Job Description
The Trust & Safety (T&S) Responsible AI Policy team's mission is to ensure the development of GenAI models and applications are safe, fair and trustworthy. We do this by defining, measuring and mitigating safety and fairness AI model risks through policy frameworks, model risk assessments, and upstream policy solutions.
The T&S Responsible AI Policy team sits within the T&S GenAI and Emerging Products pillar. We work closely with Trust & Safety teams (product policy, product, engineering, data science, operations, red teaming), business and model teams, and cross-functional stakeholders (comms, legal, public policy) across global markets. Success in this team requires strong policy acumen, judgment, creativity, analytical rigour, and the ability to translate Generative AI risk to different stakeholders effectively.
As an AI Policy Researcher on the T&S Responsible AI Policy team, you will champion the responsible development and deployment of our frontier AI models across multiple businesses with a specialty on model bias, political risk, and model behaviour.
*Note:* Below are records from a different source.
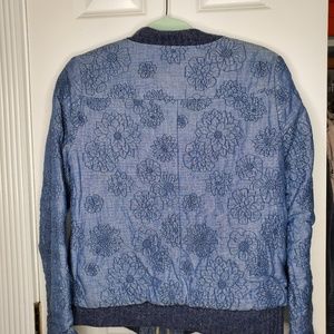 Anthropologie Lilka Floral Embroidered Denim Bomber Jacket Size S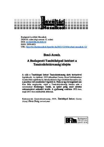 Biró, Aurél (2020) A Budapesti Tanítóképző Intézet a Tanácsköztársaság idején. BUDAPESTI LEVÉLTÁRI MOZAIKOK, 2020 (10). ISSN 2939-6921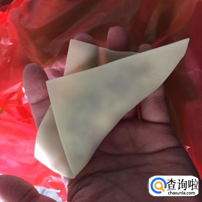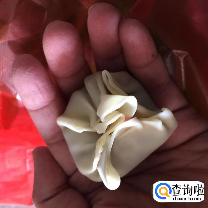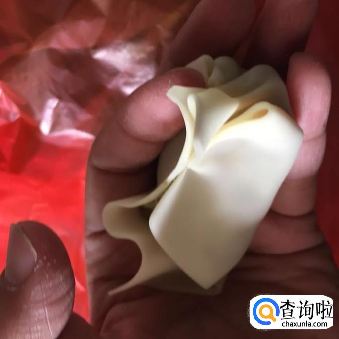 将饺子皮往上折一下,使它变成不规则的形状;如下图所示;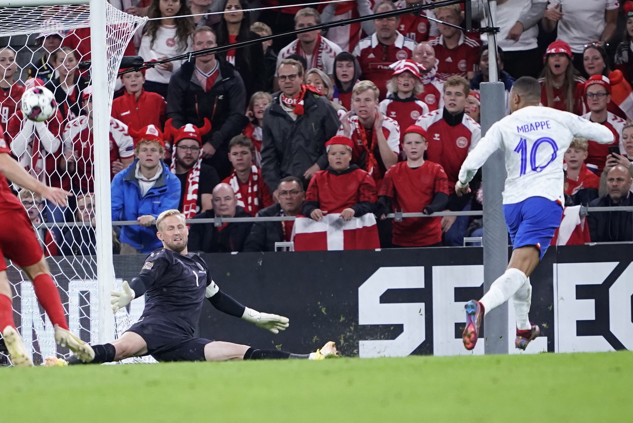 Denmark's goalkeeper Kasper Schmeichel (left) saves a shot from France's Kylian Mbappe in Copenhagen, Denmark, on Sept 25, 2022.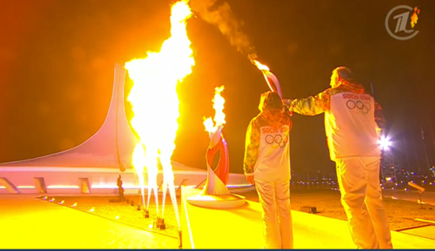 21.00 Англоязычный твиттер обсуждает, что в самом начале церемонии не раскрылось одно из пяти колец. Мы не конспирологи, никого ни в чем не обвиняем, но на ТВ-картинке на Первом канале все кольца раскрылись. Скриншот от 20.24 это подтверждает.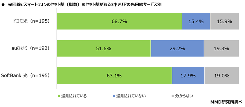 最後にスマホとのセット割があるドコモ光、auひかり、SoftBank光利用者でスマホを持っている582人に、「光回線とスマートフォンのセット割」について聞くと、「適用されている(利用している割合)」は「ドコモ光」68.7%が最多で、「SoftBank光」63.1%、「auひかり」51.6%が上位だった。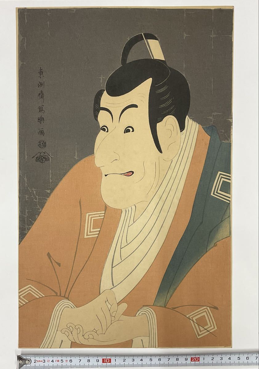 - [真作保証]東洲斎写楽 手刷り複製浮世絵版画 1枚 蔦屋重三郎 錦絵彩色木版画 市川鰕蔵の竹村定之進 大首絵 歌舞伎役者絵

You will accelerate technical policy research, incubate new research efforts, and drive end-to-end policy to evaluate workflows for your domain areas.
Responsibilities:
- Design and maintain multimodal GenAI policies across safety-relevant domains, including political and ideological bias, deceptive misuse, manipulation and persuasion, and fairness.
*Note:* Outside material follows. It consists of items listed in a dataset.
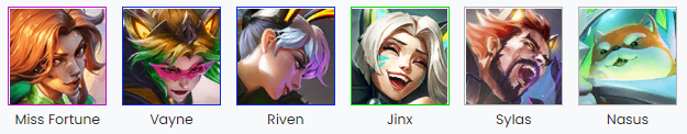Tộc Anima Squad bao gồm các tướng: Miss Fortune (4 vàng), Sylas (1 vàng), Jinx (2 vàng), Riven (3 vàng), Nasus (1 vàng), Vayne (3 vàng)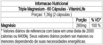 Ingredientes Taurato de Magnésio, Bisglicinato de Magnésio, Malato de Magnésio, Gelatina, Celulose Microcristalina (Estabilizante) e Água Purifi cada. O
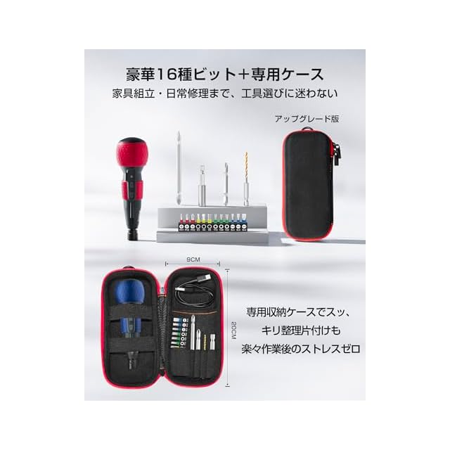 Yacooda 電動ドライバー 小型 強力 【16点ビット付き 収納ケース付き】 電動4N.m 手動10N.m USB-C充電式 高輝度LEDライト 軽量 DIY 操作簡単 女性/初心者対応 2025バージョンアップ版 敬老の日 誕生日プレゼント ブラック | つむぎ屋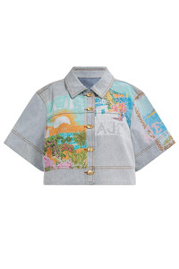 DETAILS AND INSIGHT Aje mae cropped denim shirt in postcard wash. 100% Cotton, 13.3 Oz Dry Clean Made In China Style 26RE1102-POSTCD WSH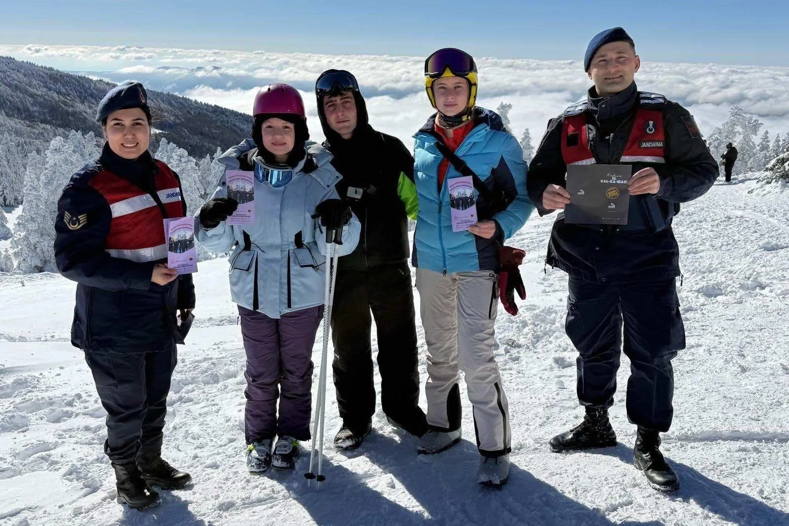 BURSA (İGFA) - Bursa İl Jandarma Komutanlığı’na bağlı Aile İçi Şiddetle Mücadele ve Çocuk Kısım Amirliği personeli tarafından, Uludağ Milli Parkı’na kış turizmi amacıyla gelen ziyaretçilere yönelik Kadın Acil Destek Uygulaması (KADES) hakkında bilgilendirme faaliyeti gerçekleştirildi.

- Translate risk and harm models into clear behavioral specifications, evaluation criteria, grading guidance, and system-level safeguards.
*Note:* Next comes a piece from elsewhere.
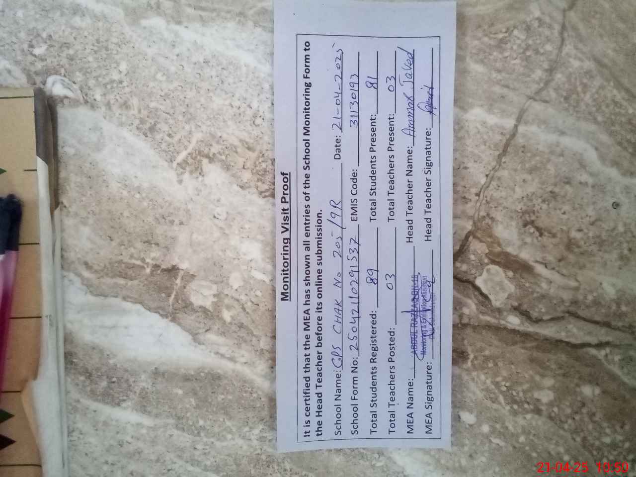 | EMIS Code: 31130193 | Name of School: GPS CHAK NO.205/9-R | |||

- Define practical boundaries between beneficial uses of AI and assistance that could materially enable harm, exploitation, misuse, or unsafe outcomes.
- Build policy artifacts that support model training, evaluation, and deployment. Partner with safety researchers, engineers, product teams, and other stakeholders to operationalize policy into scalable model behavior and measurable safeguards.
- Design end-to-end policy development to pre-launch evaluation to post-launch monitoring workflows across safety-relevant domains, including golden set construction, labeling guidance, calibration, adjudication, and eval coverage analysis, to ensure policies can be reliably measured and improved.
- Use red-teaming results, deployment data, model failures, over-refusals, under-refusals, and ambiguous edge cases to improve policy and evaluation quality over time.
- Identify emerging capability areas where frontier AI systems could create new safety, fairness or bias challenges or lower barriers to harm.
- Monitor post-launch model activity to identify gaps in our policy framework to capture unsafe model behaviour.
- Champion research to strengthen the defensibility and operability of policy positions, including working with Outreach and Partnerships to incorporate external expert input into relevant policy positions.
- Combine longer-horizon safety research with hands-on launch and deployment work.
- Contribute to safety reports, policy documentation, launch reviews, and AI governance reviews on the company's approach to building AI responsibly.
- Support regulatory teams as a subject matter expert on AI compliance related initiatives.